(Task directions):
Among the records below, find the line that has "The village of"; from there, give the lines again exactly, and stop after the line that has "大码胖mm高腰垂感直筒遮胯半身裙女夏季新款后开叉显瘦遮肚中长裙".

(Exercise data):
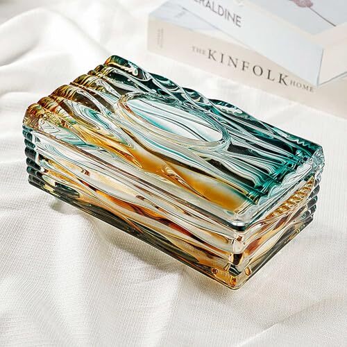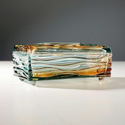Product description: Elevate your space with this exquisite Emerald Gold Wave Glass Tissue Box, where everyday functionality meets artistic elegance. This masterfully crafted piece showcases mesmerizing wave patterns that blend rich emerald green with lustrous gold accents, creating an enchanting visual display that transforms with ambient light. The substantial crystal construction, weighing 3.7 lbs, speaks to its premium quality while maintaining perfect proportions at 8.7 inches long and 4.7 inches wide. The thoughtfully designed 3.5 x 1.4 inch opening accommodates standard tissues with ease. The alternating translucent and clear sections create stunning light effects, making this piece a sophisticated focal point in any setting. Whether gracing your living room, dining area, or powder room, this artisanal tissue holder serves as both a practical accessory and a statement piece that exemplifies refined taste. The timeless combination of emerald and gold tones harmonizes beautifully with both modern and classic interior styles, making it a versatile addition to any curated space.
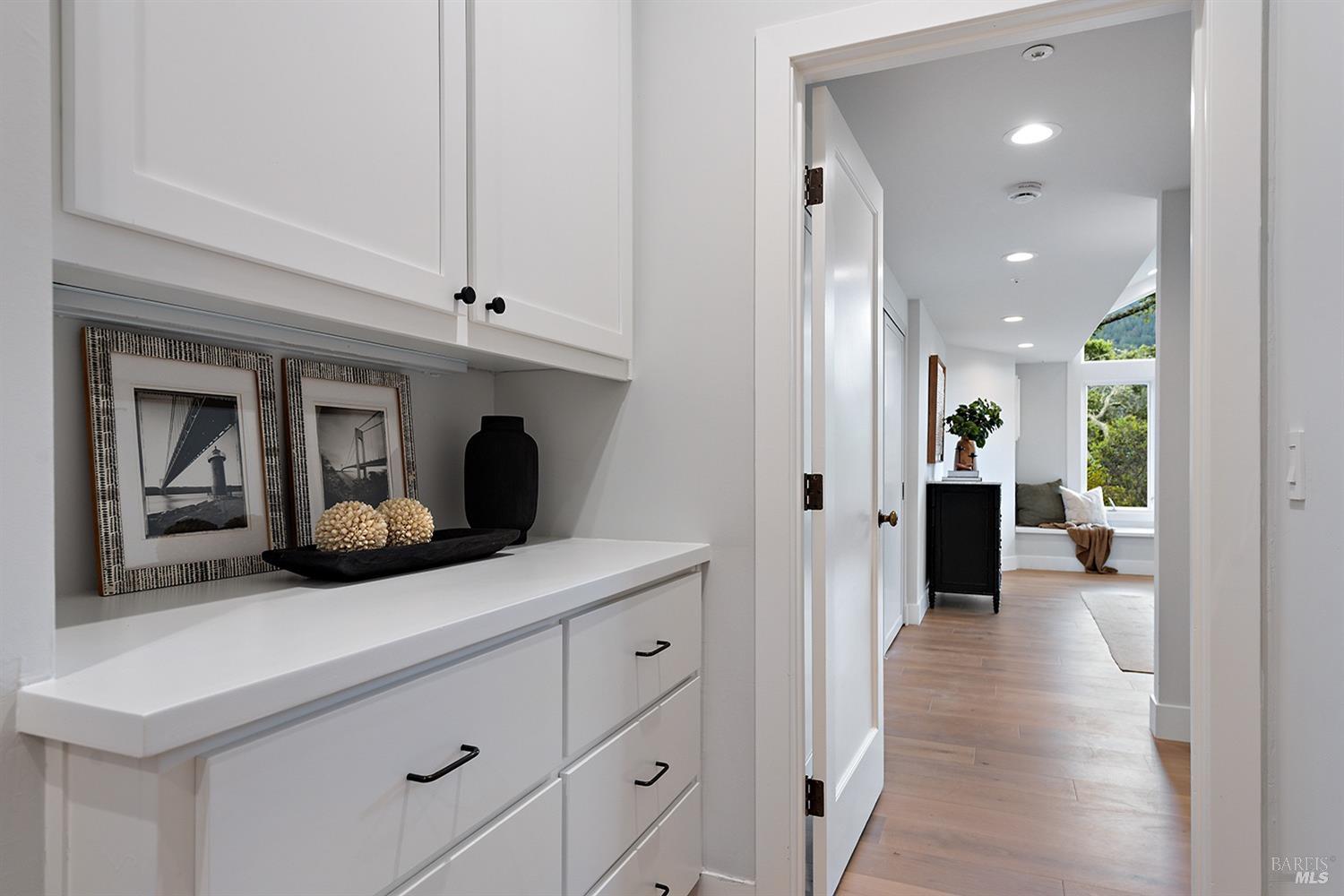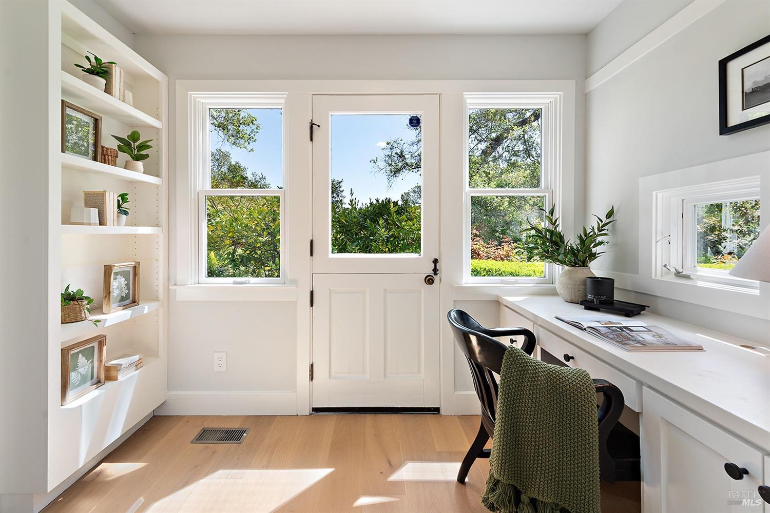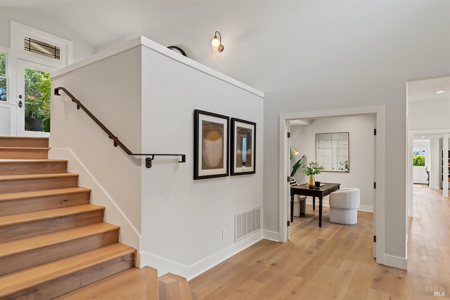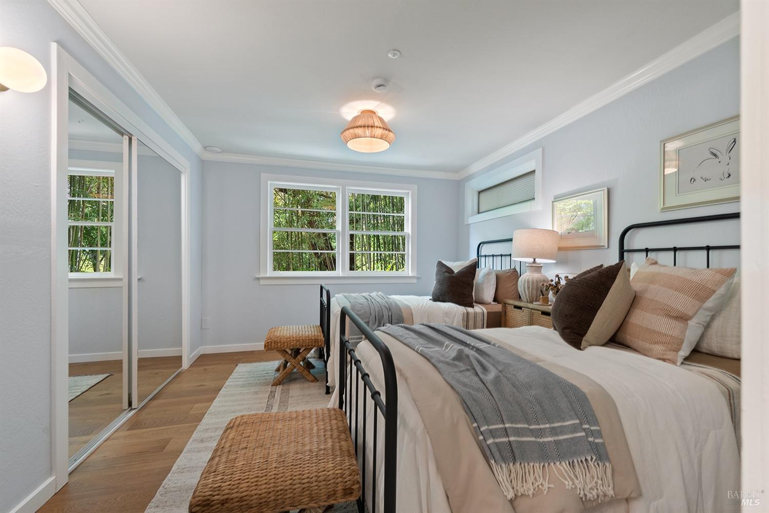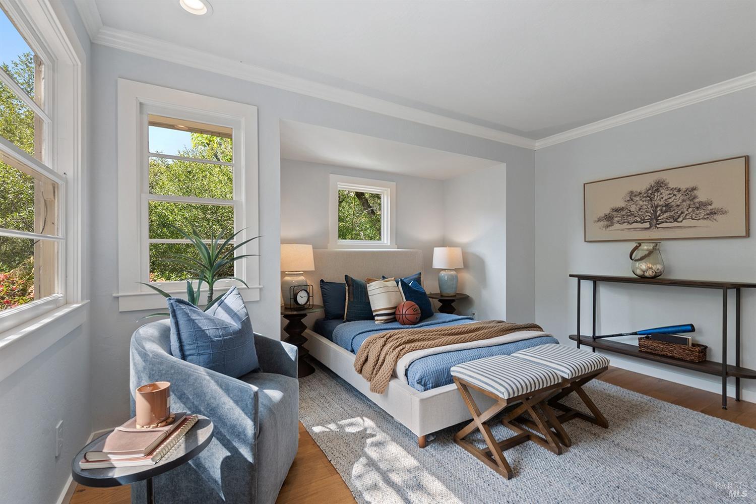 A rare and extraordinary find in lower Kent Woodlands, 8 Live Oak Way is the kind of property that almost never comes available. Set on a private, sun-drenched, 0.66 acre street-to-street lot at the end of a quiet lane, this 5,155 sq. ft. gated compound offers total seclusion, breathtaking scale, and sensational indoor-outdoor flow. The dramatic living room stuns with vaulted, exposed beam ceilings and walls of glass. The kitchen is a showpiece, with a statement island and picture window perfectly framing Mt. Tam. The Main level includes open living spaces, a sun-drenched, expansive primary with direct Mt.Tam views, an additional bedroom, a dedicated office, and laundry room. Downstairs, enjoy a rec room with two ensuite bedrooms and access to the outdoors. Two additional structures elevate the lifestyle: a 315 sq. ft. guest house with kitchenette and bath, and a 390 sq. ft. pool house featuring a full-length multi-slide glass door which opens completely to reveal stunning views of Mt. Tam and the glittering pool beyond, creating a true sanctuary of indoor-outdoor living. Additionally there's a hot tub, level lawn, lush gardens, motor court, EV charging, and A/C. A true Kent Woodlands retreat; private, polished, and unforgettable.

==

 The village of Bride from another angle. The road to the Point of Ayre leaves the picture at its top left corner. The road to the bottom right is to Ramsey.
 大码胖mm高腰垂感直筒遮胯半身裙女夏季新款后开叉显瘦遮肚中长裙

--

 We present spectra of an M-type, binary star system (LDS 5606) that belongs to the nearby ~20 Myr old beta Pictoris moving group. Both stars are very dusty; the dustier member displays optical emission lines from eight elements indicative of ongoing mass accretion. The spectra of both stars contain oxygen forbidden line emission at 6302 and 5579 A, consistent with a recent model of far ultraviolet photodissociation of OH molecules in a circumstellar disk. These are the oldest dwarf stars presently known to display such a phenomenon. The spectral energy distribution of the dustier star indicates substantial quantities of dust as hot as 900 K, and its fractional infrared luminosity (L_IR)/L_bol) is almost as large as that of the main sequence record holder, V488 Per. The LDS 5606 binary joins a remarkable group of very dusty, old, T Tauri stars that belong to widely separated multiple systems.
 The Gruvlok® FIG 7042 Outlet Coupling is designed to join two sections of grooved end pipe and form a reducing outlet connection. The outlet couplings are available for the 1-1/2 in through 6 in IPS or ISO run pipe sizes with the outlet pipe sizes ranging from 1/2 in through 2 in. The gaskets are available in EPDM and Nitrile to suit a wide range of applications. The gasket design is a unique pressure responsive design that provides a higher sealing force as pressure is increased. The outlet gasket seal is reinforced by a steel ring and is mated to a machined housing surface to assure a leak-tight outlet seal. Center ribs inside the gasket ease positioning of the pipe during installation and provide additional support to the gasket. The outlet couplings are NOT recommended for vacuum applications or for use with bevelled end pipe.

(Answer to this problem):
 The village of Bride from another angle. The road to the Point of Ayre leaves the picture at its top left corner. The road to the bottom right is to Ramsey.
 大码胖mm高腰垂感直筒遮胯半身裙女夏季新款后开叉显瘦遮肚中长裙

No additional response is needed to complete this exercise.